Jenifer Beckers »Zeiten der Langeweile«–

Die gute Nachricht zuerst. Nachdem ich ja von der Seite-50-Warte aus genervt berichtet habe, dass die Ich-Erzählerin einfach nicht auf die Idee kommt ein Buch zu lesen, gibt’s ab S. 65 die Wende zum Besseren. Für das gedruckte Buch – nicht unbedingt für uns Leserinnen.

»Zeiten der Langeweile« ist sagenhaft präzise beobachtet, aber durch und durch humorlos und das kann ich über 238 Seiten schwer aushalten.

Mila beschließt ihre Social Media Existenz zu beenden. Sie schafft sich ein »Dumbphone« an und will »Die fundamentale Angst loswerden, gecancelt zu werden.« Das kommt für sie einem gesellschaftlichem Selbstmord gleich und ist wohl auch so gemeint. Der kalte Entzug ist brutal und hinterlässt erst einmal Orientierungslosigkeit und depressive Leere: »Keine Spuren davon, dass auch nur irgendjemand an mich dachte.«

Selbstzerstörung? Ist das nicht etwas dramatisch für ein Discord-Account, das man nie benutzt? Google schreibt Mila besorgt an und fragt: »Warum willst du dich auslöschen?«. Der Konzern geht davon aus, dass eine nicht-digitale Existenz eine Nicht-Existenz ist.

Nachdem Mila sich, wie wir alle, während Corona an die soziale Zoom-Distanz gewöhnt hat, findet sie das Leben auf der Straße schlicht zu krass und unmittelbar. Zumal sie fast die einzige ist, die noch Maske trägt und entsetzt in die unverhüllten Gesichter ihrer Mitmenschen blickt, z.B. bei einer Verkäuferin: »Ich fand es viel zu intim, in diese leicht vergilbten Zahnzwischenräume zu sehen.«

Auf ihren Streifzügen entdeckt sie völlig neue Geschäfte in ihrem Berliner Kiez, den sie wie eine Touristin erforscht, seitdem sie nicht mehr auf Instagram darf. Doch die Marken-Hysterie , die ihr in analogen Shops entgegenschreit, unterscheidet sich nicht wesentlich von den Influencer-Accounts, die sie bisher aus Langeweile frequentierte.

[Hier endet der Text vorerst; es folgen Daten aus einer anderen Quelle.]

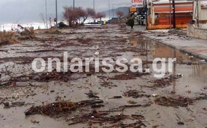 Μαζί με αυτά, διάφορα φερτά υλικά, ακόμη και μία βάρκα (!) όπως θα δείτε στην παρακάτω φωτογραφία του onlarissa.gr, βρέθηκαν στο οδόστρωμα.
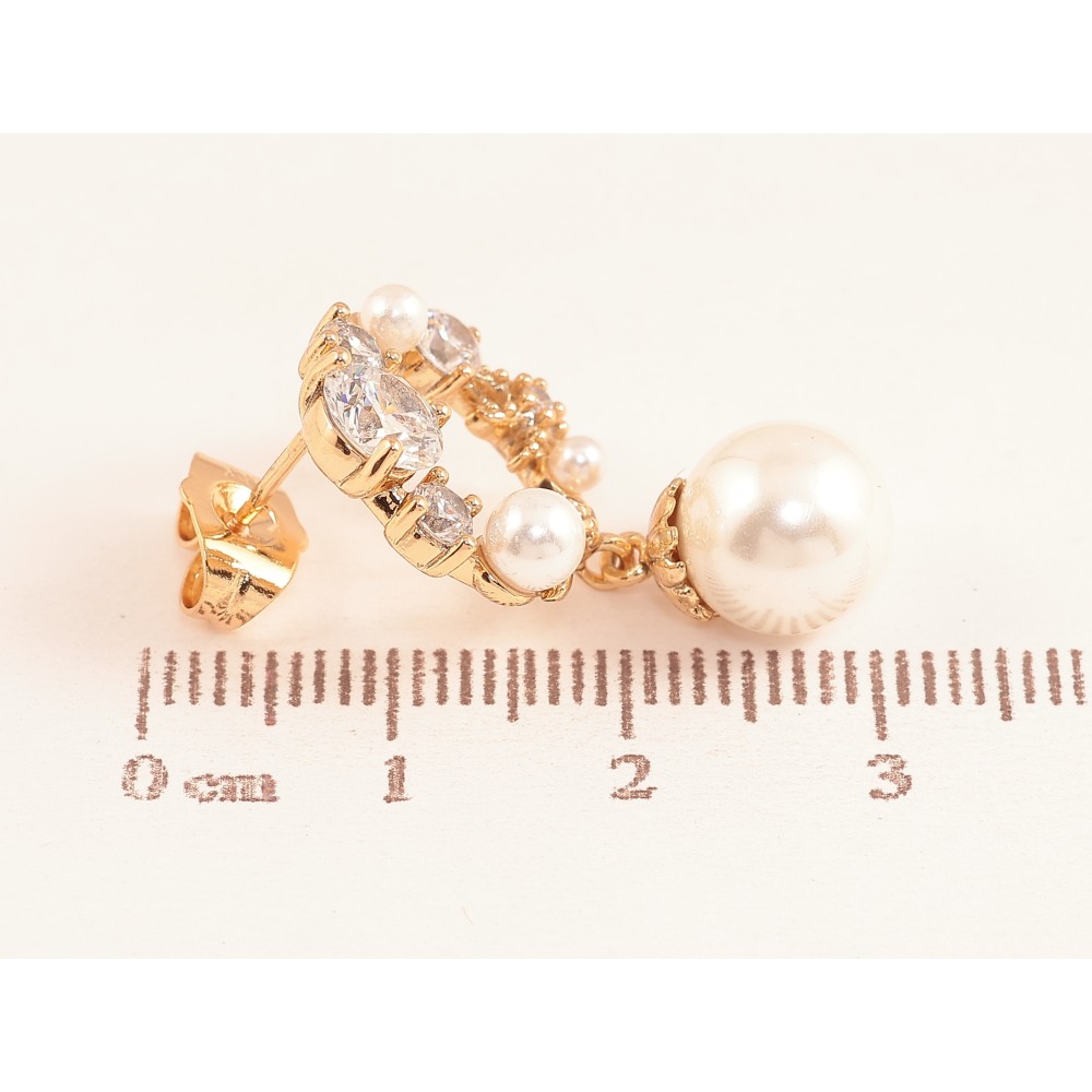 Серьги Xuping цвет Позолота 18К пусеты "Кристальные колечки с жемчужинами" фото №2
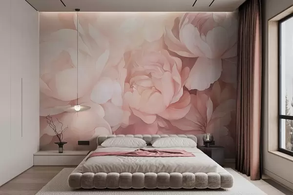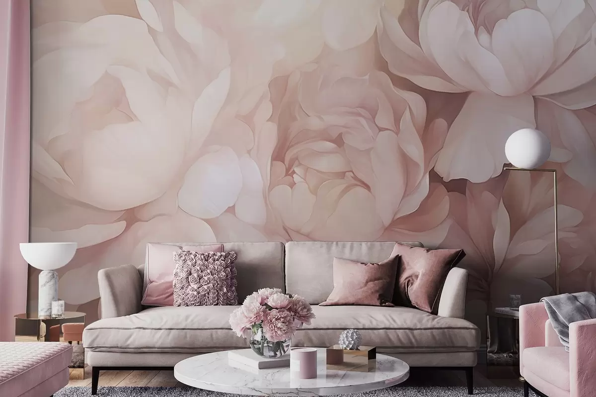 Light pastel pink peonies with soft, textured delicate petals, arranged closely together, creating a dense floral art, soft lighting - Wall mural (No. w09319)
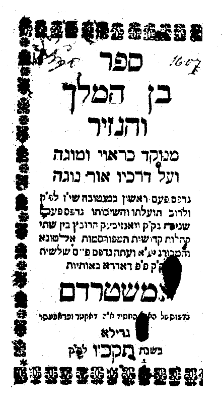 The title page of this edition of Ben ha-Melekh ve-ha-Nazir is misleading. The place of printing, Frankfurt on the Oder, appears in a small font while Amsterdam appears below in larger font. This is not an isolated instance of the misleading identification of the place of printing. In many cases from the late seventeenth through early nineteenth century, presses in other locations also attempted to associate their imprints with Amsterdam. Their location is minimized on the title pages and emphasis placed on Amsterdam, as that city was then the foremost center of Hebrew printing in Europe.22
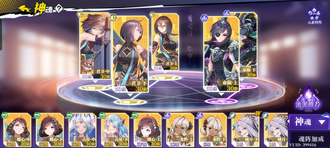神魂3君卫2命运(可以备选神威),大部分神魂中都是加生命值的,需要生命值的副神魂可选一张神魂中。

Sie entdeckt Designer-Hundekotbeutelspender und bekommt Grüne-Soße-Schokolade angeboten. Dass Social Media auch nur die konsequente Fortsetzung des bereits bestehenden Konsumdrucks mit noch brutaleren Mitteln ist, ist eine wichtige Erkenntnis aus Milas Selbstversuch.

Als eine Freundin ihr anbietet, sich im leerstehenden Ferienhaus ihrer Verwandtschaft zu verschanzen und der Großstadt völlig den Rücken zu kehren, macht sie sich auf die Reise. Ausgerechnet ins volldigitalisierte Norwegen, was für Social-Media-Abstinenz etwa soviel bedeutet, wie sich als Schokoholic über Nacht in einer Konditorei einsperren zu lassen. Das Ergebnis der selbstgewählten Einsiedelei zwischen wohlhabenden, voll-vernetzten Nachbarn, ist dann auch nicht zufriedenstellend, denn statt Abstand, Gelassenheit und Heilung, entwickelt Mila immer ausgeprägtere Paranoia und Zynismus: »Eine abgelegene Insel in der Nordsee mit 4G zu bestrahlen, ist auf jeden Fall ein außerordentlicher Entwicklungsparameter«. Die Rückkehr ins ihr vertraute Umfeld scheint unausweichlich: »Ich lud Instagram runter.«

Jenifer Becker, »Zeiten der Langeweile«, Roman, Hanser Berlin, 238 Seiten. Erschienen am 21.8.23.